Второй шанс в Эдене — страница 56 из 73

– Она любит Алтею, это ее единственное чувство.

Россо сделал затяжной глоток, его веки тяжело опустились.

– Чушь. Никого она не любит, даже своих детей. – Он снова глотнул, и пойло потекло по заросшему щетиной подбородку. – От одного и вовсе отказалась. Сказала, что не может содержать двоих. Я умолял ее, но она не слушала. Чертова ледышка. Никогда не благодарит меня за все, что я делаю. А я ведь поддерживаю Шармейн на плаву. И все ради моей малышки Алтеи, а не ради нее.

Он начал крениться набок, бутылка выскользнула из пальцев.

Эйсон протянул руку, чтобы его придержать.

– От чего она отказалась?

Россо только неразборчиво пробубнил что-то, пуская слюни. Его глаза полностью закрылись.

– От чего она отказалась?

Эйсон встряхнул старика.

– Двойняшки. У нее родились двойняшки. – Россо глубоко вздохнул. – Очаровательные малыши.

Потом он совершенно обмяк и, когда Эйсон перестал его поддерживать, растянулся на песке.

Эйсон долго смотрел на Россо. Жалкий и абсолютно безвредный. Но он стал помехой.

Усиленные зрительные вставки просканировали окружность лагуны в поисках светло-розового сияния, указывающего на то, что Соланж за ним наблюдает. Но перед глазами мелькали только черные и серые силуэты деревьев.

Россо был так пьян, что даже не отреагировал на погружение его головы в воду. Эйсон продержал его минуты две, затем выбрался на берег и стал заметать предательские следы на песке.

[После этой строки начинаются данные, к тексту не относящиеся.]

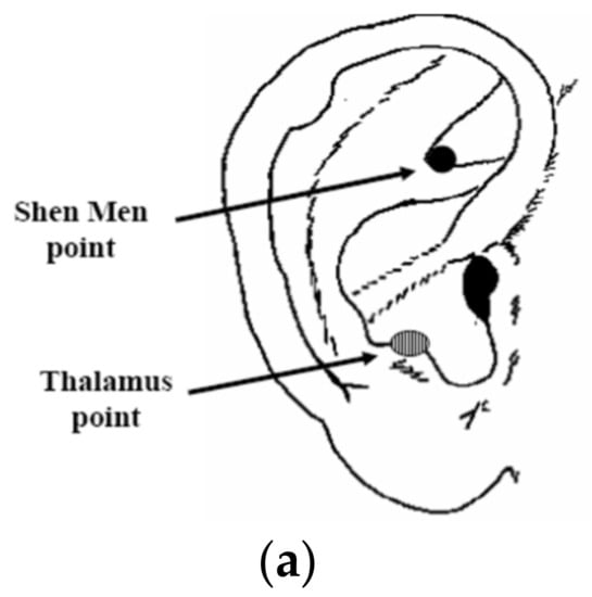Notably, 18 healthy volunteers were enrolled, 8 of them were males and 10 were females, and their average age was 29.05 ± 5.53 years. They were crossover randomized to be treated with auricular acupuncture both with 2 Hz and with 100 Hz on the auricle. We chose the dominant side for the execution of acupuncture, so we stimulated the right ear of all patients enrolled (we have executed brain lateralization clinical tests on all patients before). This is a randomized crossover study, in which two different sessions of treatment with auricular acupuncture lasting 20 min have been performed, separated by two weeks. The enrolled patients have been randomly assigned to two groups, to start either with the performance of the low-frequency stimulation or with the high-frequency stimulation session. The points stimulated were as follows: Shenmenn point, located on the apex of the triangular dimple, and the thalamus point, located on the inner margin of the antitragus (Figure 1a).

Похороны состоялись спустя два дня. С соседних островов приехало с десяток человек; солидные мужчины и женщины в строгих одеждах собрались вокруг могилы. Алтея все время льнула к матери и негромко всхлипывала. Обряд проводил Люций, сорокалетний православный священник обосновавшейся в архипелаге секты, которая откололась от Единой христианской церкви полтора столетия назад. Это был сильный широкоплечий мужчина, капитан «Аннеки», одного из принадлежащих церкви торговых судов.

Под звуки гимна Эйсон и еще трое мужчин с островов опустили гроб в вырытую яму. Гроб встал на коралловое основание острова на глубине полтора метра.

После ухода провожающих Эйсон стал забрасывать яму плодородной почвой, два человека вызвались ему помогать. Его присутствие ни у кого не вызвало вопросов. Он был новым рабочим, нанятым Тиареллой, и этого им было достаточно.

Данное обстоятельство навело его на определенные мысли. Похищая принадлежащую партии антиматерию, он имел весьма смутное представление о будущем. Выбросить контейнер где-нибудь в космосе и начать все сначала. У него не имелось на примете никакого определенного места, ему требовался уголок, где бы можно было спокойно жить, не беспокоясь за свою спину.

Оглядываясь вокруг, он не мог представить себе более привлекательного места для жизни, чем архипелаг. Проблемой являлся только стиль местной жизни, это отвратительное лицемерие «бедных, но гордых» островитян. Да еще змея, от которой отказалась бы и преисподняя.

Но перемены в жизни можно устроить или оплатить, а змеи не живут вечно.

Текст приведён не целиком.